Every year during the Oscars, my social media feed fills up with jokes about how often they are going to talk about how movies are magic. Every year the answer is “a lot.” You could make a drinking game of it. In the same way, awards shows, Hollywood in general and, honestly, cinema the world over, love movies about the movies. It can get a bit self-congratulatory as its basically people who make movies making a movie about how wonderful movies are. Yet, as a cinenephile, as a man who loves watching movies I kind of love it. Movies are magic. They can take us to far away lands, transport us back in time, make us laugh, make us cry, make us feel. There is no art exactly like it.
Cinema Paradiso is a great movie about the joy of watching movies. In a small town in 1950s Italy, six-year-old Toto (Salvatore Cascio) visite the Cinema Paradiso movie house on a regular basis. The whole town comes to the cinema it seems. We see them watch a wide variety of films. They laugh uproariously at the comedies (and play tricks on the old men who falls asleep). They weep in the aisles at the dramas. They make love while watching Brigitte Bardot in …And God Created Women. They live out their fantasies watching made-up stories in the movie house.
Toto soaks all of this in and is fascinated by Alfredo (Philippe Noiret), the cinema’s projectionist, and continuously pesters him with questions. At first, Alfredo resists, noting that the life of a projectionist is difficult and that Toto has greater things in store for his life. But eventually he gives in and the two become great friends as Alfredo teaches Toto the trade.
One night after the last showing of that week’s film has run, a crowd forms outside the theater demanding to be shown the movie. The owner refuses, but Alfredo turns the projector out a window and shows the film against a nearby apartment building. Midway through the film, the flammable nitrate catches fire and burns the building down. Toto saves Alfredo’s life but not before the fire blinds him. When they rebuild the cinema, Toto, though still a child, becomes the projectionist.
Years later, a teen-aged Toto (Marco Leonardi) continues to run the films and be enthralled by them but other things begin to take his interest. Mostly girls. One girl in particular, Elena (Agnese Nano), sets his heart on fire and they fall in love. But when Toto is called away for military service, Elena never responds to his letters and when he returns home, she is gone.
Alfredo, ever the friend, tells Toto to leave their small town, to go to Rome, and find a new life. To make movies and become successful. He does just that. The film is actually bookend with the older Toto (Jaques Perrin) living a famous life as a film director receiving word that Alfredo has died. Most of the story is told in flashbacks and the film ends with Toto visiting his old town and fondly remembering his friends and the old cinema.
Cinema Paradiso is a beautiful and moving ode to not only the magic of movies but the power held in the old-style movie houses. Seeing a film in those old places brought whole communities together to experience something wonderful.
The scenes featuring the young Toto are simply the best. Through the child’s eyes, we experience the enchantment of movies.
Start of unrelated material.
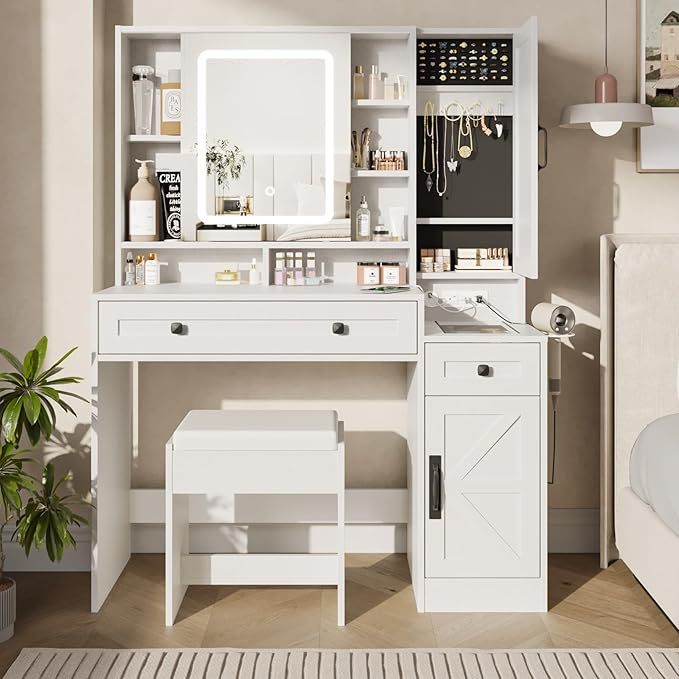 VEANERWOOD White Vanity Desk Set with Sliding Lighted Mirror, Makeup Vanity Table Set with Jewelry Cabinet, Stool & Large Drawer

Over and over again, we see the town packed into the Paradiso enthralled with what’s showing on the screen. Its a love letter to the cinema. When he becomes a teenager and deals with more typical adolescent dilemmas, the film becomes slightly less interesting. It's still well told and enjoyable to watch but it feels just a little less enchanting. The film ends with the older Toto watching a reel of film saved by Alfredo in a scene that has become famous and remains magical.
Arrow Academy (a subsidiary of Arrow Video that focuses on more classic films rather then Arrow Video's usual b-grade cult films - which makes Arrow Academy like the Criterion wing of Arrow) has done a wonderful job with this release. The video looks quite good. The colors are rich and bold. The lighting of the film is naturally a little dark but it's still vibrant. There is some noticeable grain throughout but it's uniform and so not distracting (and this seems to be commonplace with Arrow who clean the film of debris but leave the grain in). Audio is likewise very good. It features both the mono track and a DTS-HD 5.1 track.
This release features both the 123-minute theatrical cut and (for the first time on Blu-ray) a 173-minute Director’s cut. The latter mostly consists of an adult Toto reconnecting with Elena, learning why she never responded to his letters plus a few extended scenes at the beginning with the old Toto.
Extras include a commentary track with director Giuseppe Tornatore and critic Millicent Marcus, and a nearly hour-long profile of Tornatore full of reminisces by the director and some home movies. Also included are a short documentary featuring new interviews with Tornatore, Phillipe Noiset, and a grown-up Salvator Cascio plus the famous kissing sequence and the usual essays and photos in a very nice booklet.
Cinema Paradiso is a beautiful, loving film about the magic of movies and the community around them.